Whereas Leibniz, Kant, and Hegel could count as optimists, Schopenhauer is the first (and last) thinker in all Western philosophy to have constructed a complete and systematic pessimism.

But he is interesting for other reasons too. For his Great Philosophers series (1987), Bryan Magee, who wrote a thick book on Schopenhauer, introduced him as “the only major Western philosopher to draw serious and interesting parallels between Western and Eastern thought.” 

Magee continues: “He was the first major Western philosopher to be openly and explicitly atheist. He placed the arts higher in the scheme of things and more to say about them than any other important philosopher … He was himself among the supreme writers of German prose. Many of his sentences are so brilliantly aphoristic that they’ve been torn out of context and published separately in little books of epigrams.”

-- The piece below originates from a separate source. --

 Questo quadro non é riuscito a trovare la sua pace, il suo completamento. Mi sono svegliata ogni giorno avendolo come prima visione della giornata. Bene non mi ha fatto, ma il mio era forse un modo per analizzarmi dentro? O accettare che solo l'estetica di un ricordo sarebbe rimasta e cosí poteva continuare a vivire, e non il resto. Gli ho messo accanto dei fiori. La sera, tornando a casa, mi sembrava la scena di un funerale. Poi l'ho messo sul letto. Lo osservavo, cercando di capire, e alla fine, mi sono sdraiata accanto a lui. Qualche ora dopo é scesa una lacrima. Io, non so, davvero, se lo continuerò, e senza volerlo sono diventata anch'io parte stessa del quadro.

Schopenhauer’s humorous epigrams

To give you a flavour, here are a few of his many epigrams:

  • Talent hits a target no one else can hit. Genius hits a target no one else can see.
  • Life is a business that does not cover its costs.
  • The pleasure in this world, it has been said, outweighs the pain… If the reader wishes to see shortly whether this statement is true, let him compare the respective feelings of two animals, one of which is engaged in eating the other.
  • What everyone most aims at in ordinary contact with his fellows is to prove them inferior to himself.
  • Almost all of our sorrows spring out of our relations with other people. There is no more mistaken path to happiness than worldliness.
  • It is difficult to find happiness within oneself, but it is impossible to find it anywhere else.

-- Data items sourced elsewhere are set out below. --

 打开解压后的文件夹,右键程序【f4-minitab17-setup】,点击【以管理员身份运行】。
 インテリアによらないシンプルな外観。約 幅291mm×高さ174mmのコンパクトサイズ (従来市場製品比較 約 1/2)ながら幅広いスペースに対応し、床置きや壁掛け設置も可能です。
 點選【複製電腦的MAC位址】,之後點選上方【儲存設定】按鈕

Here’s why you laughed, according to Schopenhauer himself

Probably, you chuckled while reading these aphorisms. But why did you chuckle? Schopenhauer has his own theory of laughter, which is a version of the incongruence theory, according to which laughter arises from a contradiction between a concept (what people think is happening) and its reality (what is in fact happening)—highlighting a failure of reason over perception. Thus, when people laugh at us (rather than along with us) they are filling the gap between our idea of ourself, or people’s general idea of us, and the sad reality.

Many people who read Schopenhauer’s aphorisms laugh only half-heartedly, because they feel threatened by them. But the few who laugh full-throatedly feel liberated by their truth. In this moment of pure perception, while they laugh, they escape, if only for a few seconds, from the tyranny of the Will—the blind, irrational force that, in Schopenhauer’s philosophy, underlies all reality, and forces us to exist and strive without purpose.

Schopenhauer’s theory of weeping

Schopenhauer also had a theory of weeping. Weeping, which is a physical expression of mental misery, is a form of self-compassion. As such, it requires an outside perspective on the self, which is why animals don’t cry, and children don’t cry if no one is watching. Schopenhauer cites the example of a person who did not think to weep over their misery until their case was summarised to them in court and they were brought to reflect upon their suffering—when they suddenly broke into a stream of tears.

When we weep, we become “both the sufferer and the compassionate onlooker.” Because weeping originates from self-compassion, it suggests to others that the crier is capable of compassion, and thus worthy of compassion. Psychopaths don’t cry, or only crocodile tears.

A final reason why Schopenhauer is funny

To me, Schopenhauer is important also because he is the first since antiquity to offer a comprehensive solution to the problem of living and suffering. As well as a great philosopher, he was a fine psychologist, so that we often find ourself laughing along with him. But almost as often, we find ourself laughing at him, owing, I think, to the incongruence between his lofty philosophy of temperance and compassion and his own bad boy ways.